Why T-Mobile Is the Leader in the Cellular Service Category
The bottom line up front
T-Mobile’s position in the U.S. cellular category is the one every competitor would design from scratch: broadest Mental Market Share (~23%), highest Mental Penetration (~66%), deepest Network Size (10.3), and the strongest Emotional Connection (3.3) among the Big Three. It leads or co-leads on 16 of 18 purchase triggers. But dominance in mental availability has not translated proportionally into purchase intent — and that gap points to a conversion problem, not a recall problem. T-Mobile’s mental advantage scores reveal a brand that over-indexes on device-upgrade and performance occasions. And while T-Mobile leads in absolute terms on value triggers that are it's historical strengths, when we normalize the data and look on a relative basis T-Mobile has room to improve to get its fair share of value associations: predictable pricing (-3), flexibility (-7), and promotional comparisons. The brand that markets itself on value and simplicity has yet to fully own those mental associations. T-Mobile’s next phase of growth is about converting the broadest mental footprint in the category into the lowest-friction purchase path.
Where T-Mobile Stands
T-Mobile is the category’s broadest front-door brand — and it’s not close. At ~23% MMS, T-Mobile leads Verizon (19%) and AT&T (18%) by a meaningful margin. Mental Penetration of 66% means two-thirds of all cellular buyers associate T-Mobile with at least one purchase trigger. Network Size of 10.3 — the highest in the set — means those who think of T-Mobile think of it for more different occasions than any competitor. This combination of breadth and depth is the structural definition of mental availability leadership.

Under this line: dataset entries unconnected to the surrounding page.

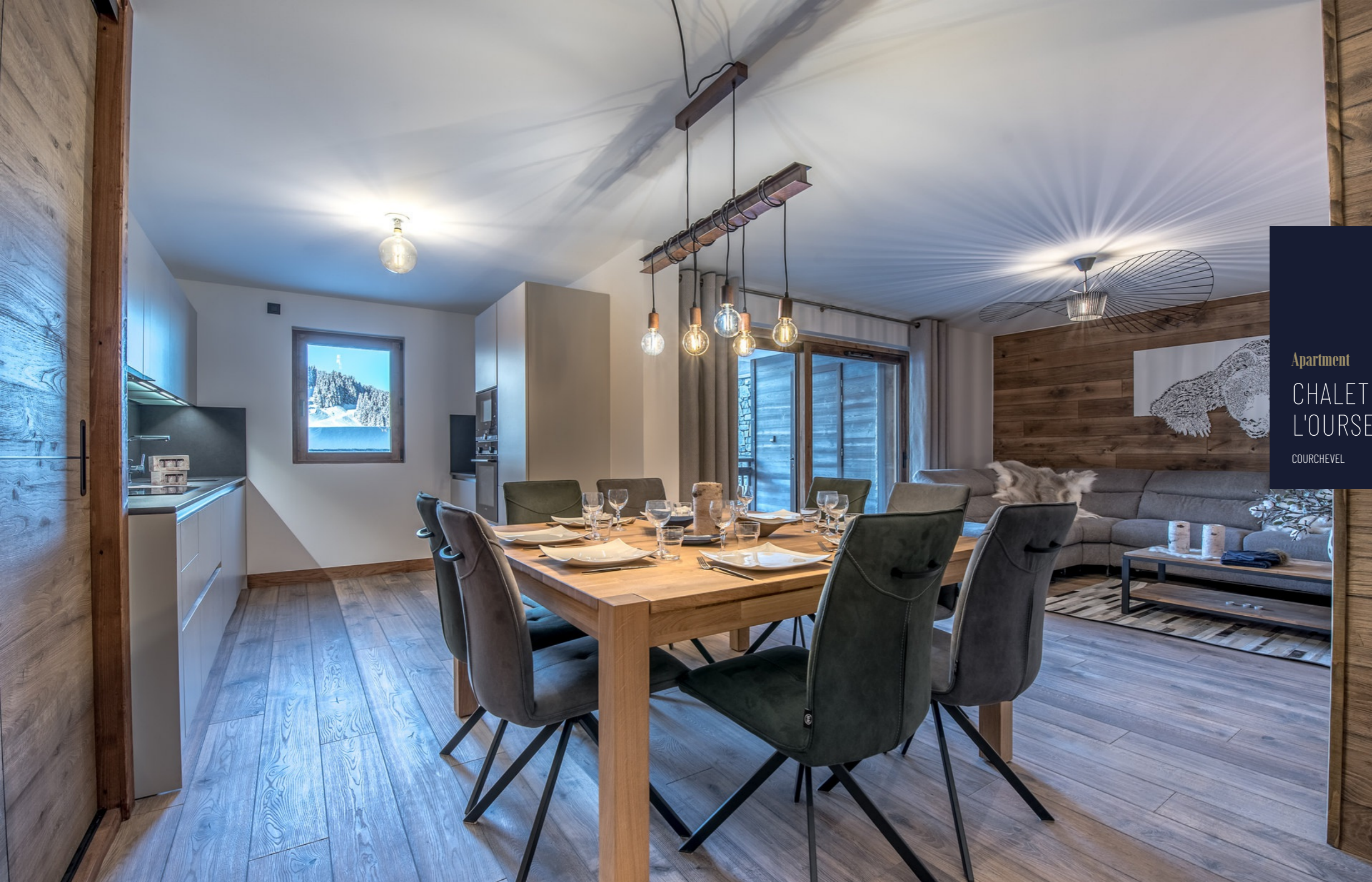
Apartment CHALET DE L'OURS 3 COURCHEVEL
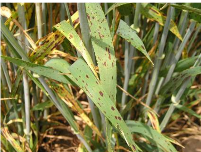
Drechslera teres , Bipolaris sorokiniana Helminthosporiosi de l'ordi
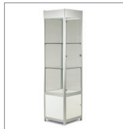
Hochvitrine GRIANTE 50 EUR 260,00 Pos.-Nr. 61-177

Maße: B: 100 cm / T: 51 cm / H: 200 cm Schiebetüren, abschließbar mit Beleuchtung
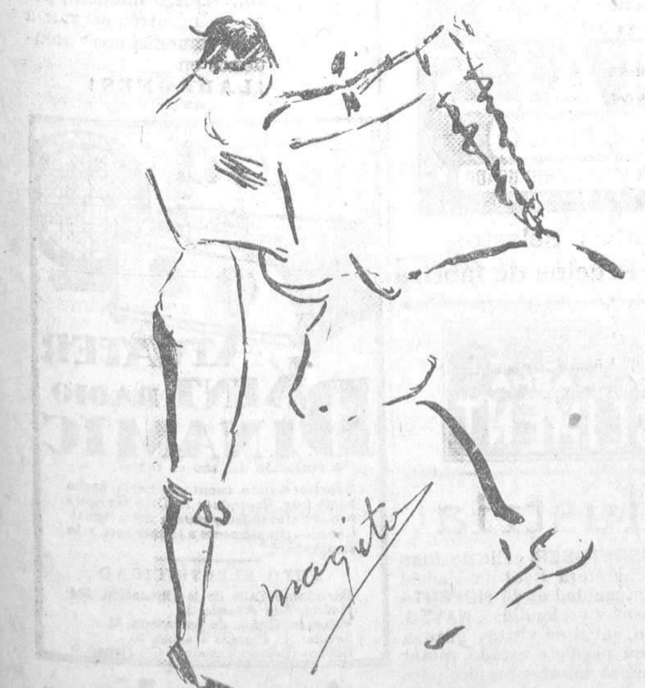
Un par de Torón

con su cabalgadura y caído al descubierta; Aldeano agarrado a la cola del bicho y Amorós sacando a éste del sitio de peligro. —Paco Gómez fué ovacionado. En el cuarto, resentido de los remos y de la vista, toroé de capa Aldeano a la defensiva, viéndose acosado. Acusó su nota de valiente en quites, y aunque en el trasteo dió tres naturales, valeroso, mas con poco mando, la faena resultó monótona. Un pinchazo, perdiendo la flámula, más pases y un desarme y una estocada, mojóndose la mano y cayendo el bicho hecho polvo. Y volvieron a ovacionario. Por la cogida de Torón hubo de despachar al quinto, el castaño bien armado y con poder. Aquí afirmó sus arrostos Aldeano, compitiendo con Amorós en los quites de las seis varas por tres caídas y un caballo para el arrastre. De tal modo dejaba llegar el «ché», embrazándose y sacándose al toro de la faja, que más de una vez creíase inminente la cogida. La valentía y el pundonor de este joven arrancaron entusiastas ovaciones. Llevó a su primer novillo hacia los medios, y allí lo toroé a placer con irreprochable estilo. Un quite por farolés y media verónica, para pintada por Carlos Ruano, y otro ejecutado con gentileza sugestiva. Este muchacho nos recordó ayer varias veces al pobre Granero, toroéando de capa y con la muleta. El público sentíase cautivado, y en los olés y aplausos había tanto de admirativo como de emoción. —Vengan los palos.

The emotional edge is real but age-dependent. T-Mobile’s Emotional Connection of 3.3 leads the Big Three, but the gap is narrow. Among 18–34s, EC rises to 3.7 — a full point ahead of AT&T (2.9) and well above Verizon (3.3). Among 65+, T-Mobile’s EC drops to 2.9, losing its advantage entirely. The brand’s emotional resonance is concentrated in the cohort most actively forming associations — a structural advantage that compounds over time, but one that hasn’t yet extended to older segments.
The mental advantage profile reveals an unexpected gap: T-Mobile over-indexes on performance. The brand’s strongest mental advantages are on “wanting a newer phone with latest features” (+6), “fast data performance” (+3), “choosing service when buying a new phone” (+2), and “travel around the U.S.” (+2). T-Mobile also leads on value associations in number of endorsements, but after normalizing the data T-Mobile under performs what we expect for a brand of it's size on “flexibility without contracts” (-7), “predictable pricing” (-3), “reducing monthly spending” (-3), and “wanting a better price” (-1). For a brand whose positioning centers on value and simplicity, these value-occasion deficits are a strategic contradiction.
What Category Entry Points T-Mobile
T-Mobile leads on volume but doesn’t own any single occasion outright. On the category’s highest-salience trigger — “wanting a better price” (~35% salience) — T-Mobile holds 37% association, ahead of Verizon (28%) and AT&T (27%). On “fast data performance” (~23% prominence in the category), T-Mobile holds 41%, neck-and-neck with Verizon (42%). On “wanting a newer phone” (~18%), T-Mobile leads at 43%. These are strong positions, but none approach the >25% threshold that signals genuine ownership. T-Mobile’s advantage is breadth of leadership, not depth on any one occasion.
The value triggers that should be T-Mobile’s identity are contested by MVNOs. On “reducing monthly spending” (~24% salience), Consumer Cellular (21%) and Mint Mobile (23%) carry associations nearly as strong as T-Mobile’s lead. On “flexibility without contracts” (~16% salience), Straight Talk (24%) actually leads T-Mobile (32%) in mental advantage score terms. T-Mobile’s value positioning is being shared with budget brands that use similar language — the mental credit is not exclusive.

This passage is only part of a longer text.